Supported Data Formats and Structures:¶
JSONL¶
Each line is a JSON object representing an example.
{"context": "The context content", "question": "The question", "answers": {"answer_start": [int], "text": [str]}}
CSV¶
Should contain 'context', 'question', and 'answers' columns.
context,question,answers
"The context content","The question","{'answer_start': [int], 'text': [str]}"
Parquet¶
Should contain 'context', 'question', and 'answers' columns.
JSON¶
An array of dictionaries with 'context', 'question', and 'answers' keys.

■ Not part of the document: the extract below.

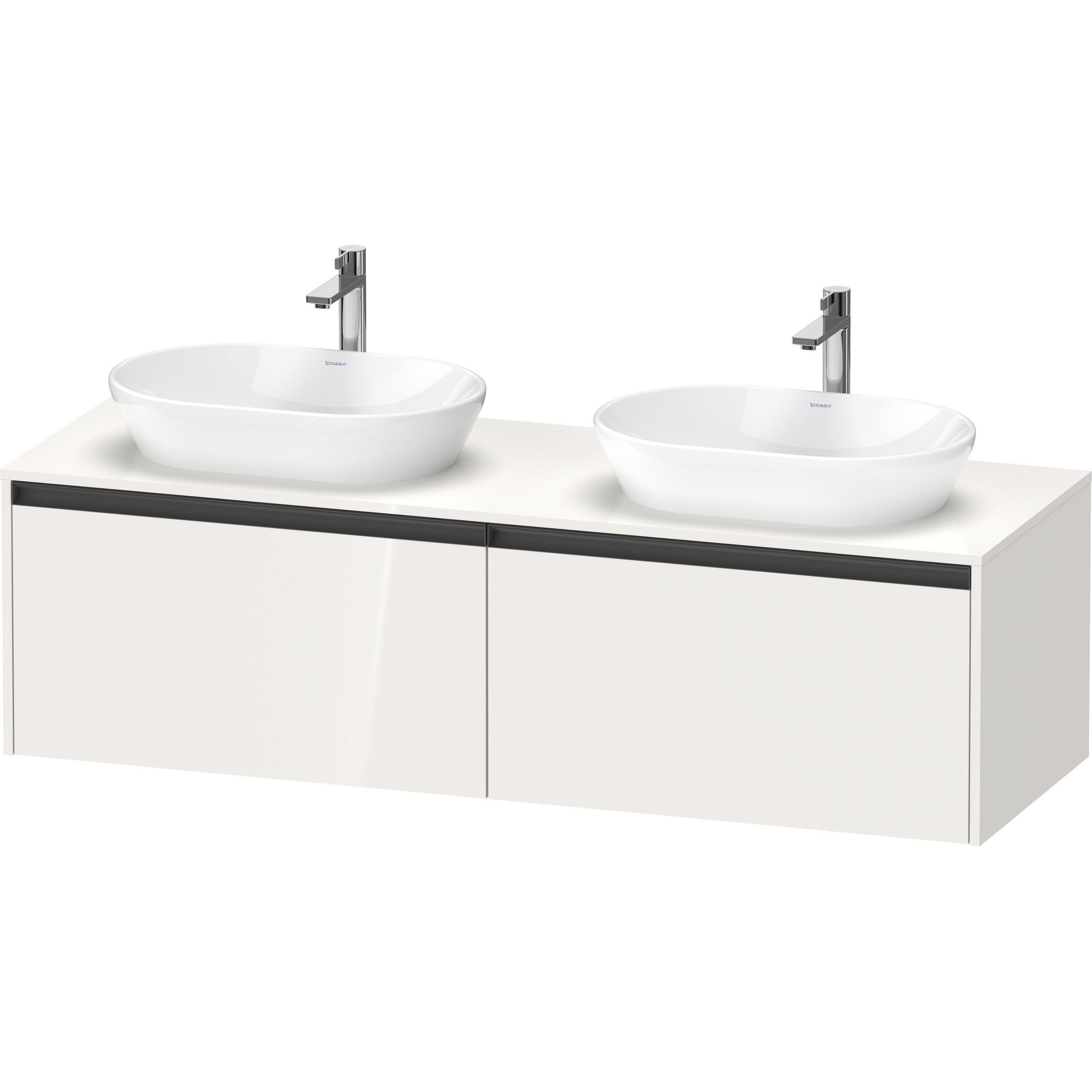 Duravit Ketho 2 wastafelonderbouwkast incl. consoleplaat met 2 laden voor dubbele waskommen 160x55x45.9cm met handgrepen antraciet hoogglans wit

[{"context": "The context content", "question": "The question", "answers": {"answer_start": [int], "text": [str]}}]
XML¶
Each 'record' element should contain 'context', 'question', and 'answers' child elements.
<record>
<context>The context content</context>
<question>The question</question>
<answers answer_start="int" text="str"></answers>
</record>
YAML¶
Each document should be a dictionary with 'context', 'question', and 'answers' keys.
TSV¶
Should contain 'context', 'question', and 'answers' columns separated by tabs.
Excel (.xls, .xlsx)¶
Should contain 'context', 'question', and 'answers' columns.
SQLite (.db)¶
Should contain a table with 'context', 'question', and 'answers' columns.
Feather¶
Should contain 'context', 'question', and 'answers' columns.
Parameters:
Name | Type | Description | Default |
---|---|---|---|
dataset_path |
str
|
The path to the dataset directory. |
required |
pad_on_right |
bool
|
Whether to pad on the right. |
True
|
max_length |
int
|
The maximum length of the sequences. |
None
|
doc_stride |
int
|
The document stride. |
None
|
evaluate_squadv2 |
bool
|
Whether to evaluate using SQuAD v2 metrics. |
False
|
Returns:
Name | Type | Description |
---|---|---|
Dataset |
Optional[Dataset]
|
The loaded dataset. |
prepare_train_features(examples, cls_token_id=None)
¶
Tokenize our examples with truncation and padding, but keep the overflows using a stride.
Parameters:
Name | Type | Description | Default |
---|---|---|---|
examples |
Dict[str, Union[str, List[str]]]
|
The examples to be tokenized. |
required |
Returns:
Type | Description |
---|---|
Optional[Dict[str, Union[List[int], List[List[int]]]]]
|
The tokenized examples. |